The [BMT09] study quantified the reaching response duration as a function of a set of target heights, from very low to above the head but always reachable. The targets were either in free space or on a shelf, and the subject was controlling either a simple solid collocated with the hand (baseline) or a full body avatar.

Despite great performance variations between subjects, performances remained coherent per subject. So we performed a per-subject duration normalization, and a target height normalization by the subject body height to obtain comparable results for an analysis of variance. The egocentric strategy provided better fitted reach duration characteristics in the baseline case (a single solid was controlled). The baseline and the avatar control cases provided similar performance only when reaching in free space. The subjects were significantly slower to reach all the targets when it was displayed on a shelf although the targets are located at the same relative distance. The control of height-differing avatars with both scaling strategies led to performances consistent with the height differences. Only for the lowest target, the visuocentric led to a significantly slower reach compared to the egocentric scaling. Overall the egocentric scaling showed less variance which suggests it is more appropriate to enforce spatial awareness.

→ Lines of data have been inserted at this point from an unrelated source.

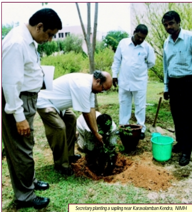
Secretary planting a sapling near Karavalamban Kendra, NIMH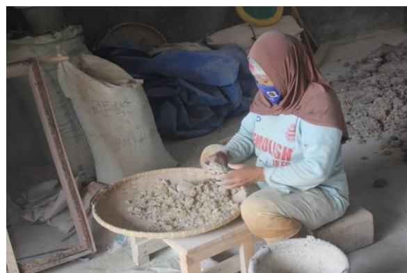
Figure 6. The processing of resin harvest

are owned by elderly generations, and it is proven that many farmers in the Repong Damar are elderly (>45 years). Then, it is supported based on the results of research [62], that the older generation of people aged 35 years and above have higher ethnobotany knowledge compared to the younger generation. As in Figure 6, which shows the processing of Repong Damar harvests carried out by the older generation community.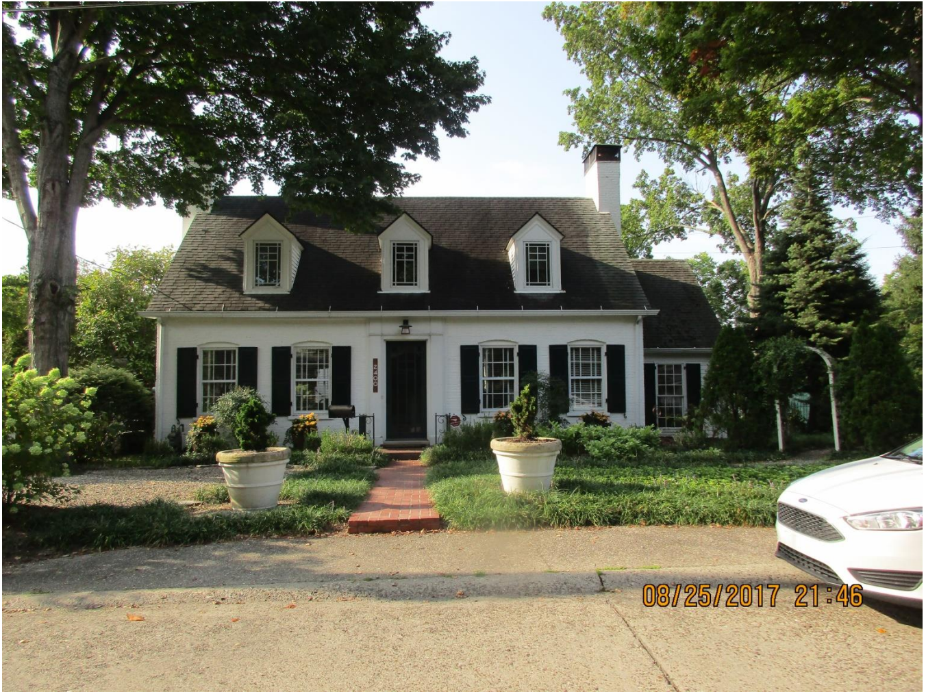
The front of the subject property.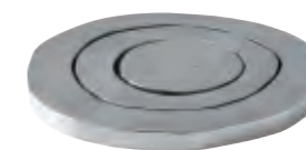
SILICATE Philippe Daney Plate stand in moulded brilliant-polished aluminium. H 1.5 Ø 24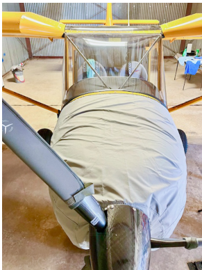
Zenith CH 750 Cruiser Engine Cover, Open Bottom

The material is very reflective, and tests show that the cabin interior temperature can be reduced to near-ambient temperature on the hottest of days. It is water, ice and snow repellent, yet breathable to allow moisture to escape from between the cover and the aircraft surface.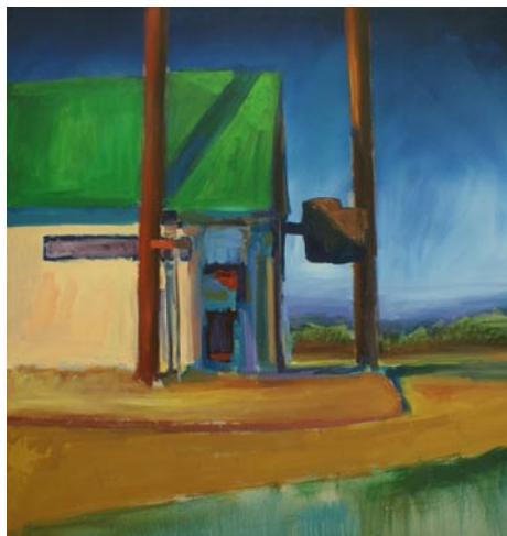
Work by Robert Irwin

Recently, Irwin was granted experimental Parkinson's disease treatment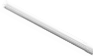
FOLDAWAY ANTENNA EXTENSION ARM 002280

To suit Foldaway Antennas (refer codes 002277 and 002278).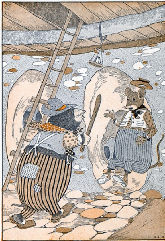
Grandfather Mole Made a Rush for Mr. Meadow Mouse. Frontispiece (Page 85)

THE TALE OF BROWNIE BEAVER THE TALE OF PADDY MUSKRAT THE TALE OF FERDINAND FROG THE TALE OF DICKIE DEER MOUSE THE TALE OF TIMOTHY TURTLE THE TALE OF MAJOR MONKEY THE TALE OF BENNY BADGER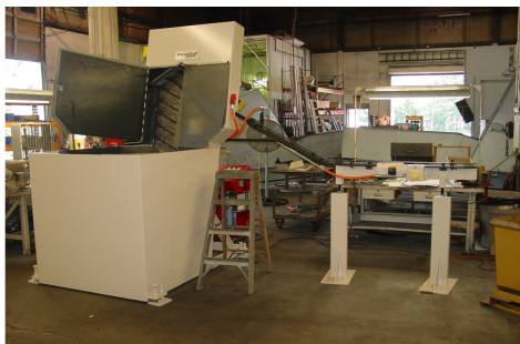
FEEDALL Model 2500-C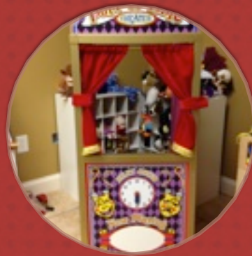
Bibliotherapy & Family Resources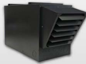
KFUH Series High Air Velocity Unit Heater 208/240/480V / 3,000-34,500W

One key finding of the study was that nearby obstacle (the shelf) can alter significantly the performance of subjects when they control an avatar instead of a simple solid. We suspect that subjects took great care of cognitively avoiding the shelf (no collision avoidance algorithm was implemented). This would support the introduction of such collision avoidance algorithm to relieve the user from such management that induce delay and cognitive fatigue.

5 Conclusion

Immersive interactions lies at the intersection of various complementary research fields. On the perception-action level, the intense debates about the nature of human embodiment from the past century have highlighted that most human sensorimotor activities occur at a “not explicitly conscious” cognitive level, e.g. through motor internal models [J97, J09]. This dimension of immersive interactions is still not fully addressed in the immersive interaction. We believe it is highly desirable to reproduce the same cognitive pattern while interacting with the full-body by freeing the user from any conscious cognitive load of explicitly managing the spatial relationships between the controlled avatar and the virtual environment. We have presented some of our efforts towards relieving the user of handling collision avoidance in complex environments by proactively damping body segments movement along the obstacle normal and by altering these normals to ease the obstacles bypass. Further researches

will evaluate sensorimotor tasks performed by increasingly differing avatars to assess the boundaries of avatar embodiment in task-driven contexts and thus to enlarge the scope of immersive interaction applications [N].

Acknowledgments. This work has been partly supported by the Swiss National Foundation under the grant N° 200020-117706 and by the University of Alcalá under grant PI2005/083. Thanks to Mireille Clavien for the characters design and to Achille Peternier for the MVisio viewer and the CAVE software environment.